第四十二章:點撥

徐福此際只覺自己一生抱負,平生之志皆成笑柄。臉若死灰,卻是心魔已生,鑽了牛角尖了。

他本年輕氣盛,自出道以來,拜名師,苦練武藝,遍訪天下同道,著實做下了許多行俠仗義的事情。自襯以自己武功,便不能列入頂尖高手,卻也絕對差強人意了。哪知今日一戰,竟慘敗如斯。此時心中實是生不如死。

柳飛見他面色灰白,目湧紅絲。心知不妙,當下,輕叱一聲「咄,一時勝敗可能定一生之成敗?還不醒來」語音清朗,聞之讓人精神一振。卻是以『靜心決』發出。

徐福正自傷之中,心神幾為之奪。渾渾噩噩間,一口血在胸間翻騰,便要噴出,突聽耳邊一聲輕叱,頓時頭腦中一片清涼,瞬間在全身轉了一圈。神智立時恢復。思及剛才種種,頓時,滿面羞愧。

趨身至柳飛身前,跪倒叩謝,道「福修養不夠,幾成大禍,謝先生救之。」言罷叩下頭去。

柳飛輕嘆一聲,拂袖將他托起。半響不語,只是靜靜的看著他。徐福只覺那雙眸子深若幽潭,似要將自己看的通透,不禁遍體大汗湮湮,直透重衫。
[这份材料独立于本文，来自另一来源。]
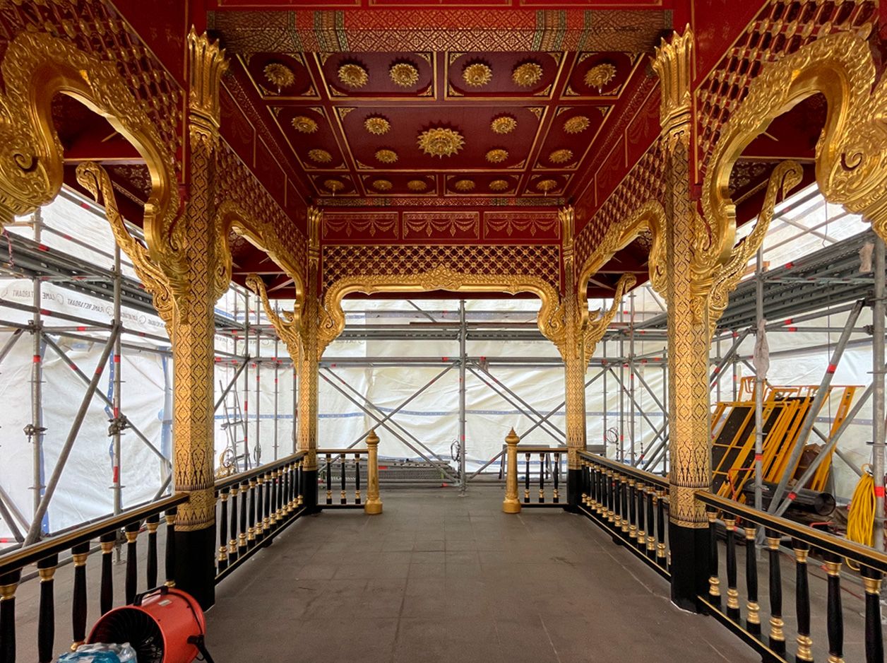 La intervención en el Royal Thai Pavilion no se limita a estos aspectos. En esta segunda fase de los trabajos, el equipo de Kalam también se está encargando de la restauración de otros elementos decorativos, como los detalles en mosaico espejado que forman parte de la ornamentación del edificio. Estas piezas, esenciales para mantener la integridad visual del pabellón, serán restauradas utilizando técnicas especializadas que respetan al máximo los materiales y métodos originales.
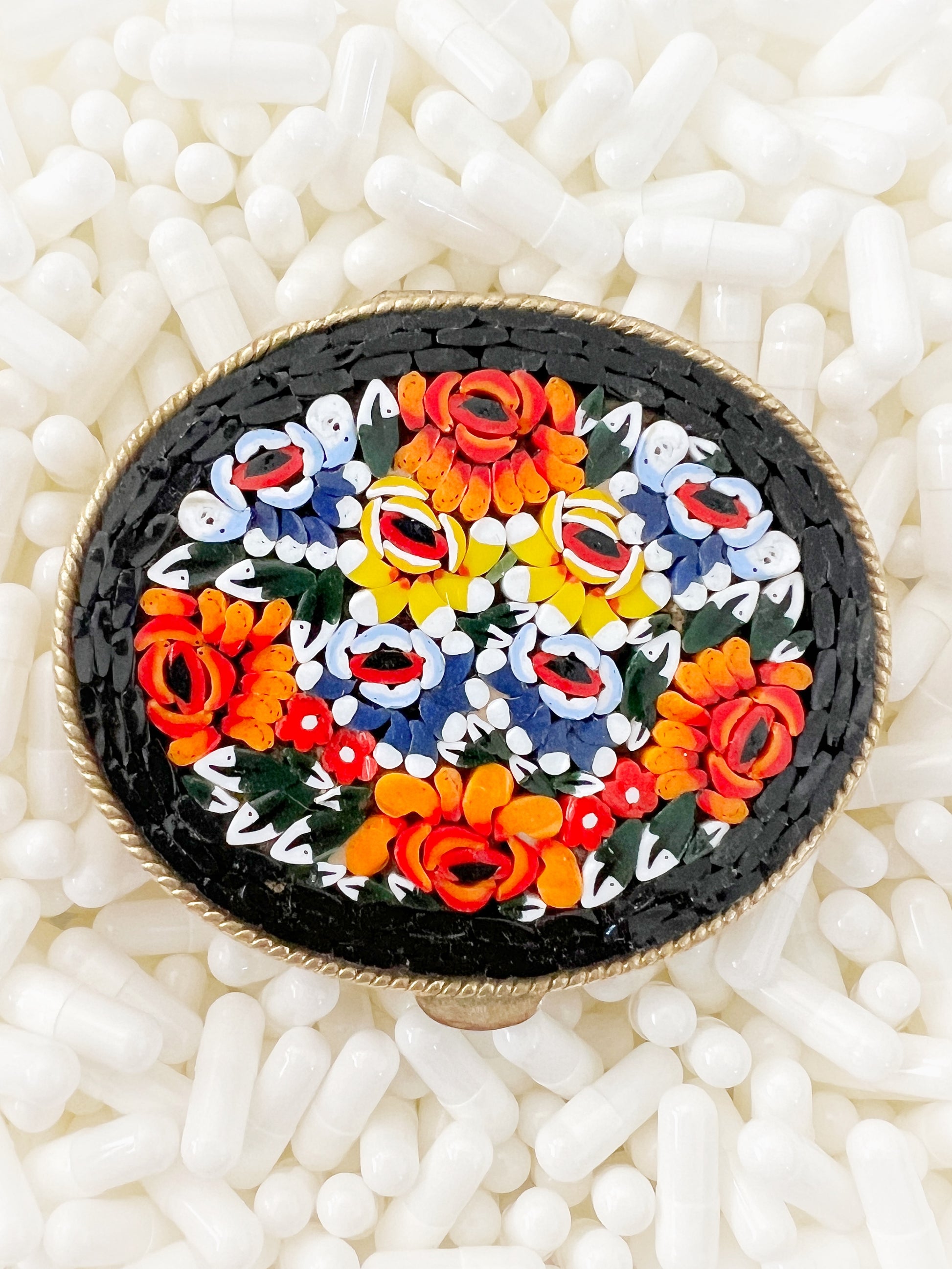 Grand and richly detailed, this vintage Italian micro mosaic pill box commands attention with its generous size and vibrant palette. A lush arrangement of scarlet roses, golden blooms, and sky-blue daisies radiates across the surface, each flower meticulously crafted from hand-cut glass tesserae. The bouquet rests against a dramatic black ground, which amplifies the brilliance of the colors and gives the design a jewel-like intensity.

正自揣揣之際,又聽得柳飛輕輕的道「汝之命便只是你自己的嗎?」說罷,又深深的看了他一眼,便不再理他,自行轉身去了。

徐福全身一震,頓時想起家中老母和年幼的弟弟,若自己現在有個三長兩短,那老母與幼弟勢必無人照顧。。。。剛剛乾了的汗水,又是噌噌的冒了出來。

太史慈此時走了過來,輕輕拍了拍他,道「徐兄莫要如此,其實依你的武藝也算不錯的,若是在我未遇家師之前,雖能勝你,卻決不會如此簡單。只要你有恆心,還怕事有不成嗎?」

說罷,轉頭吩咐下人,準備洗浴物品,送入徐福房中。又對徐福道「家師對你印象似頗為不錯,你好自為之吧」言罷,對他點點頭,才自行走了。

徐福耳中聽得太史慈所言,渾身巨震。心頭狂跳,心底翻來覆去的就是那句話「若有恆心,還怕事有不成嗎?」呆立半響,方滿面的激動的喃喃自語道「是呀,今有如此名師在眼前,我竟一味想著小小的失敗,真真可笑。若能得入『隱神谷主』門下,只要自己肯吃苦,自亦能練至太史慈那樣的地步,又何必在此自怨自艾。真是蠢如豕犬。」當下,興高采烈的回房浴洗去了。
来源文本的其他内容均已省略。